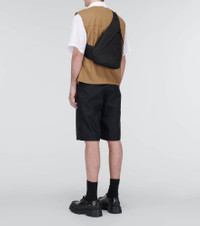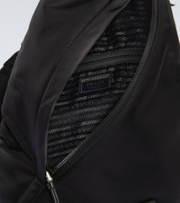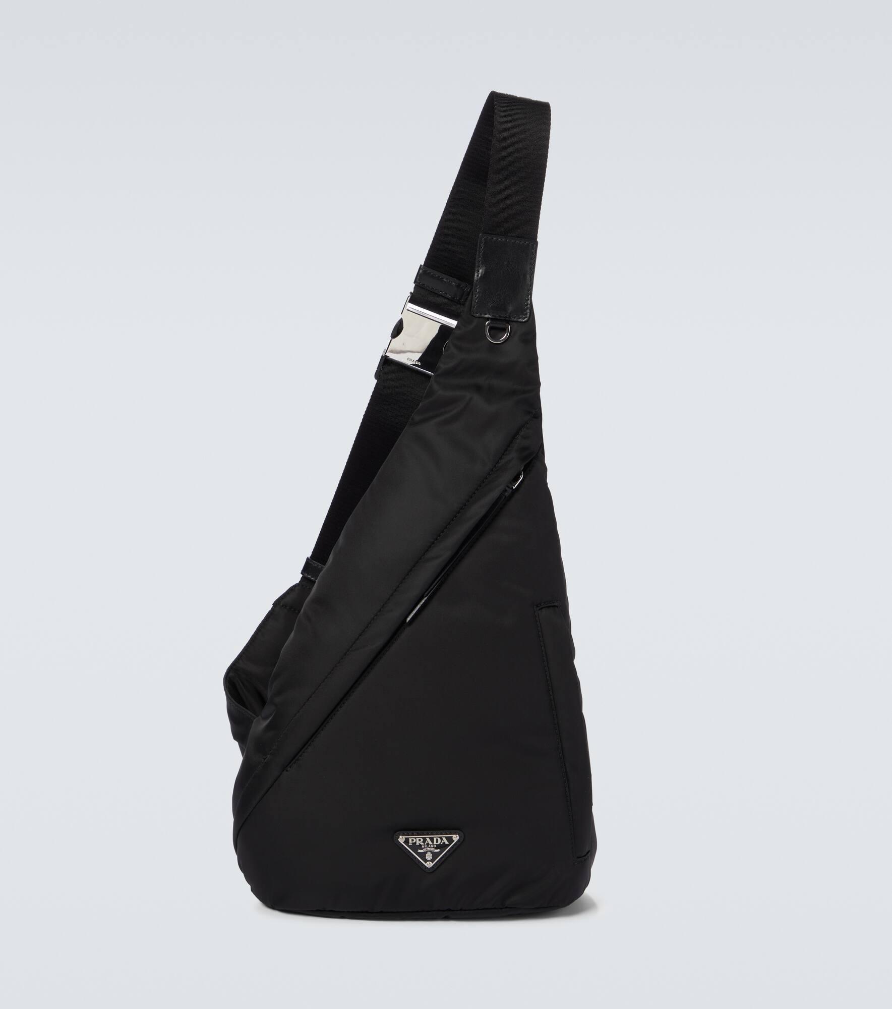 Crafted from the label's sustainable Re-Nylon fabric, this Prada bag can be worn across the shoulder, has a zipped fastening, and is detailed with the famed triangle enamel logo. Product Details - Trim: calf leather - Closure: zipped top - Designer color name: Nero - Material: fabric - Internal details: fabric lining, internal zipped pocket - Made in Italy - Color of fastening: black - Adjustable shoulder strap - Item number: P00581392 Size & Fit - Height 40cm-15.5" - Min. width 12cm-4.5" - Max. width 26cm-10" - Depth 11cm-4.5" - Min. length shoulder strap 73cm-28.5" - Max. length shoulder strap 103cm-40.5"
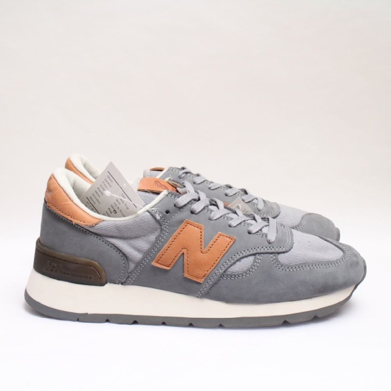 やや厚みのあるボディが特長の M990 をグレーの上質なピッグスキンスエードと同色メッシュ x タンレザーアクセントで仕上げたオーソドックスな一足。
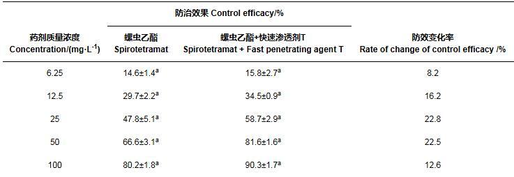 表5添加快速滲透劑T后22.4%螺蟲乙酯懸浮劑對(duì)石斛菲盾蚧田間防效的變化
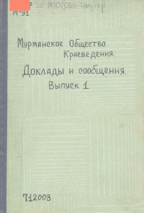 ? !Ы Ж Ю ( 0 9 ОС .. H m y ) t p \ ' Г Э 1 1 Мурманское Общество Краеведения. Доклады и сообщения В ыпуск 1. Ш о о з
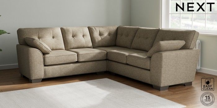 7.2.10 Stamford Buttoned Back Medium Corner Sofa - Universal Woven Chenille Easy Clean Mid Natural Large Square Angle - Gunmetal | Made Click here to use our website with more accessibility support, for example screen readers
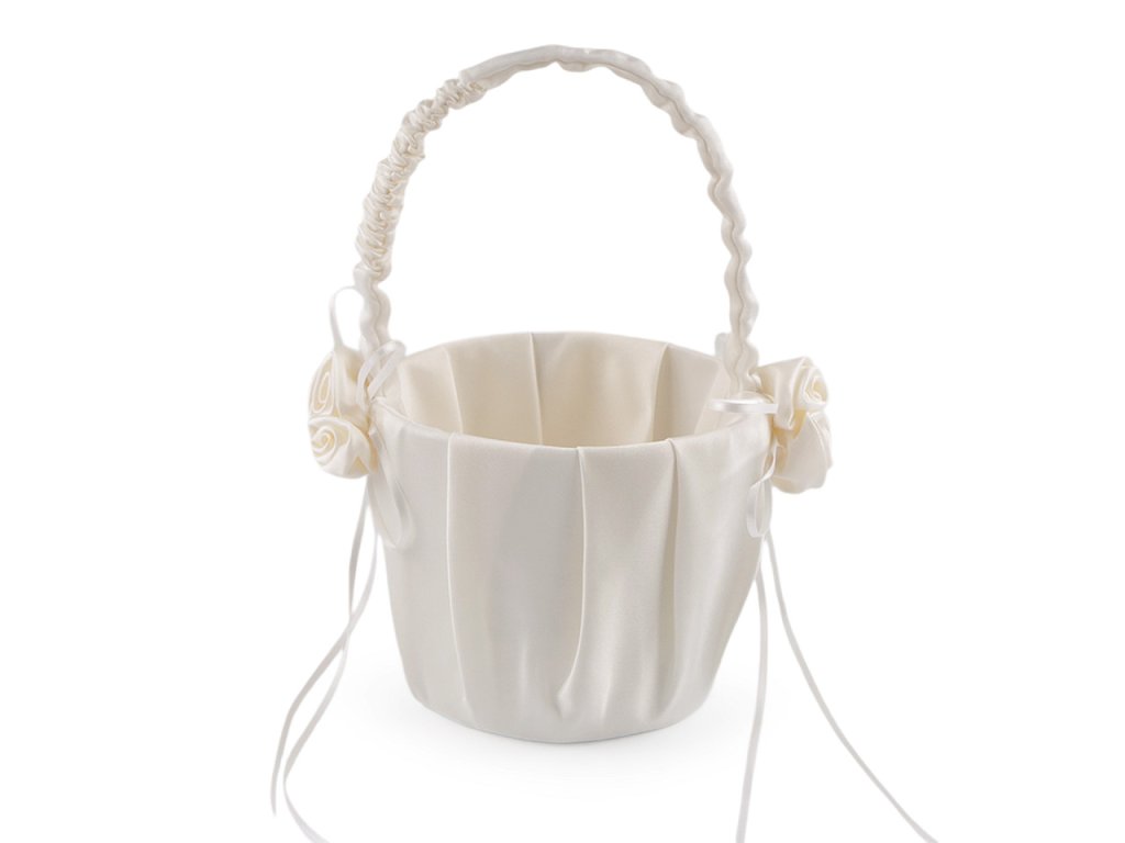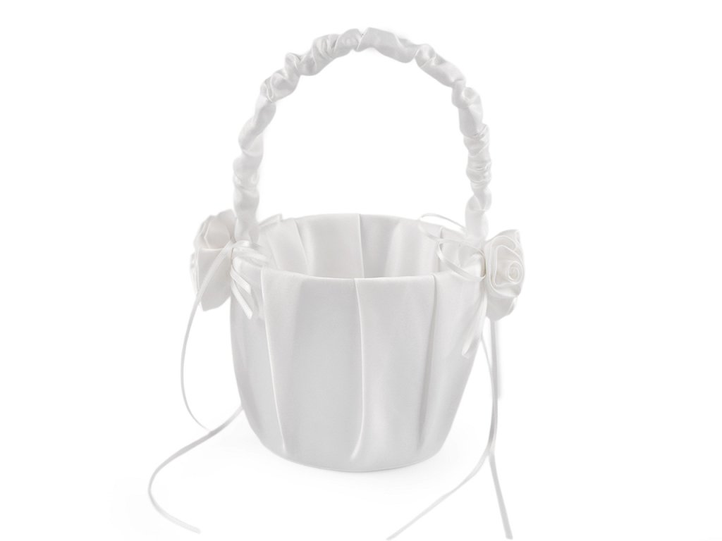 Saténový košíček je skvělým svatebním doplňkem pro malé družičky. Uvnitř košíčku se budou vyjímat plátky růží nebo květinová aranžmá. Košíček je vyrobený z pevnějšího plastu. Zdobí ho saténové květy a stuhy.- Průměr: 13 cm
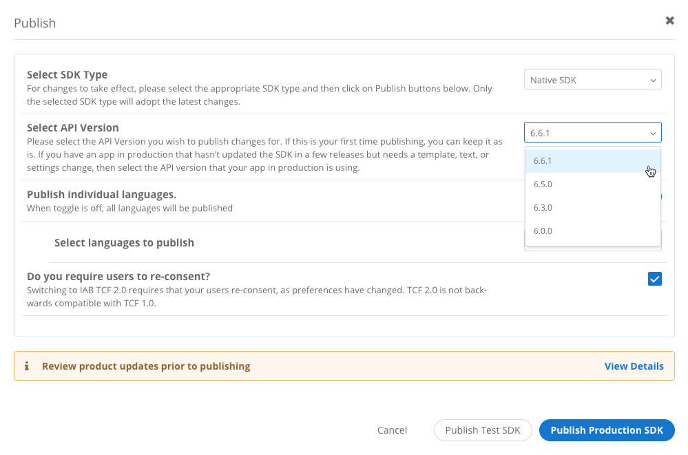 If your team needs to make a simple change to the CMP experience or reconsent users, this feature allows you to make those changes (based on what is supported below) and publish to the SDK version your application is running in Production.
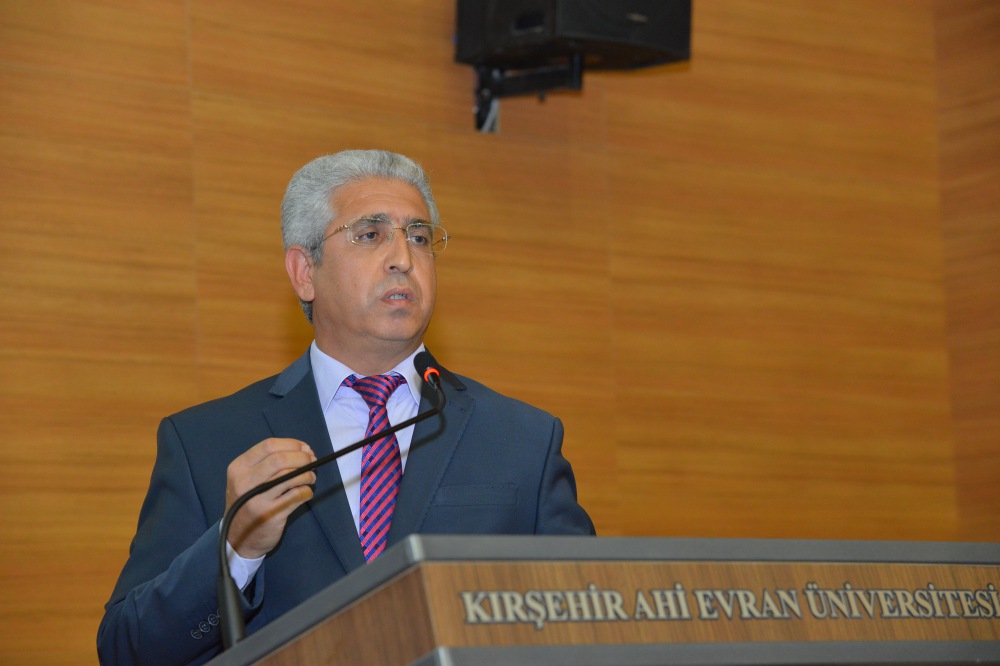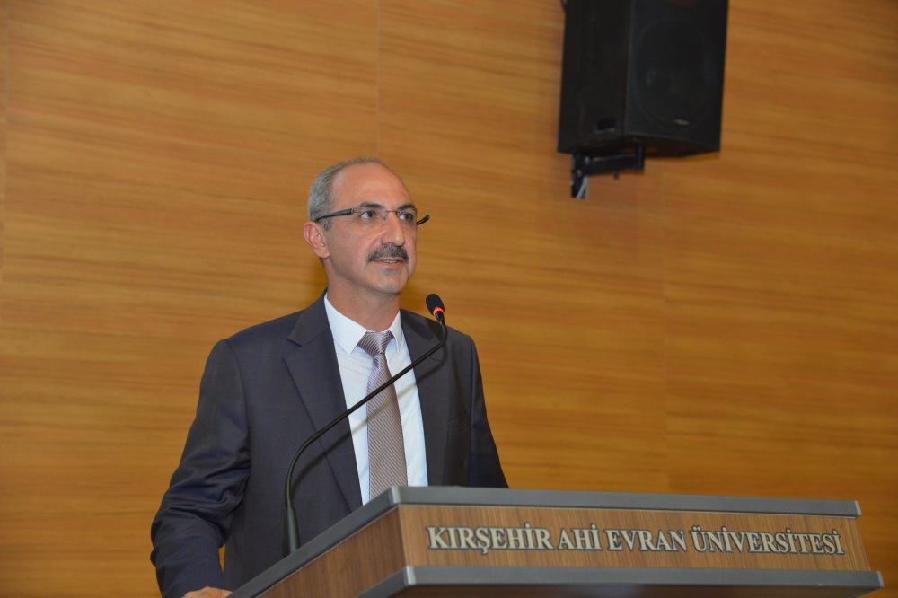 Eğitim Fakültesi Dekanı Prof. Dr. Refik Balay’ın konuşmasının ardından Rektör Karakaya söz aldı. Prof. Dr. Vatan Karakaya konuşmasında, 2015 yılında yakmış oldukları kalite meşalesini yerine ulaştırdıklarını söyleyerek şimdi ise yaklaşık iki yıl önce yeniden yaktıkları Eğitimde Kalite Güvencesi meşalesini yerine ulaştırma çabası içinde olduklarını vurguladı. Kalite çalışmasında gösterdikleri başarıyı AYDEP’te de göstermeyi amaçladıklarını belirten Rektör Karakaya, beşeri sermayenin en güçlü ürünü olan insan yetiştirme hazzının hiçbir yerde olmadığını kaydetti. “ İnsanı önemseyerek ve yetiştirmiş olarak yarınlara hazırlayacağız.” diyen Üniversitemiz Rektörü Prof. Dr. Vatan Karakaya, mevzularının gençler olduğunu ve onların yetişmişliklerinin ülkenin geleceği açısından oldukça önemli olduğunu anlattı. AYDEP ile Türkiye’ye yenilik getireceklerini, eğitim sistemimizin kendi problemini kendisinin özgün ve özgür bir şekilde tartışacağını vurgulayan Rektör Karakaya, “ Ahi Evran-ı Veli’den aldığımız isimle yükümlülüğümüzü yerine getirmeye çalışarak Ahiliğin 21. yüzyıl versiyonunu ortaya koyacağımıza inanıyorum.” dedi. Kalite Yönetim Sistemi Belgesinin üniversitemiz için birinci basamak olduğunu söyleyen Prof. Dr. Vatan Karakaya, çıktısı yeterliliğe dayalı olan AYDEP’in de ikinci basamak olduğunu kaydetti. “Projelerimizi, çocuklarımızı ilerde mutlu görmek için yapıyoruz.” diyen Rektör Karakaya, eğitimin insanın değişim noktası olduğunu ve insanın bilgi ile değiştirilebileceğini belirtti.

**Work required**
From the listing above, repeat only the lines between the line containing "やや厚みのあるボディが特長の M990 をグレーの上質なピッグスキンスエードと同色メッシュ" and the line containing "7.2.10 Stamford Buttoned", those two included. Pictures are not part of the copy.

**Written reply**
 やや厚みのあるボディが特長の M990 をグレーの上質なピッグスキンスエードと同色メッシュ x タンレザーアクセントで仕上げたオーソドックスな一足。
 表5添加快速滲透劑T后22.4%螺蟲乙酯懸浮劑對(duì)石斛菲盾蚧田間防效的變化
 ? !Ы Ж Ю ( 0 9 ОС .. H m y ) t p \ ' Г Э 1 1 Мурманское Общество Краеведения. Доклады и сообщения В ыпуск 1. Ш о о з
 7.2.10 Stamford Buttoned Back Medium Corner Sofa - Universal Woven Chenille Easy Clean Mid Natural Large Square Angle - Gunmetal | Made Click here to use our website with more accessibility support, for example screen readers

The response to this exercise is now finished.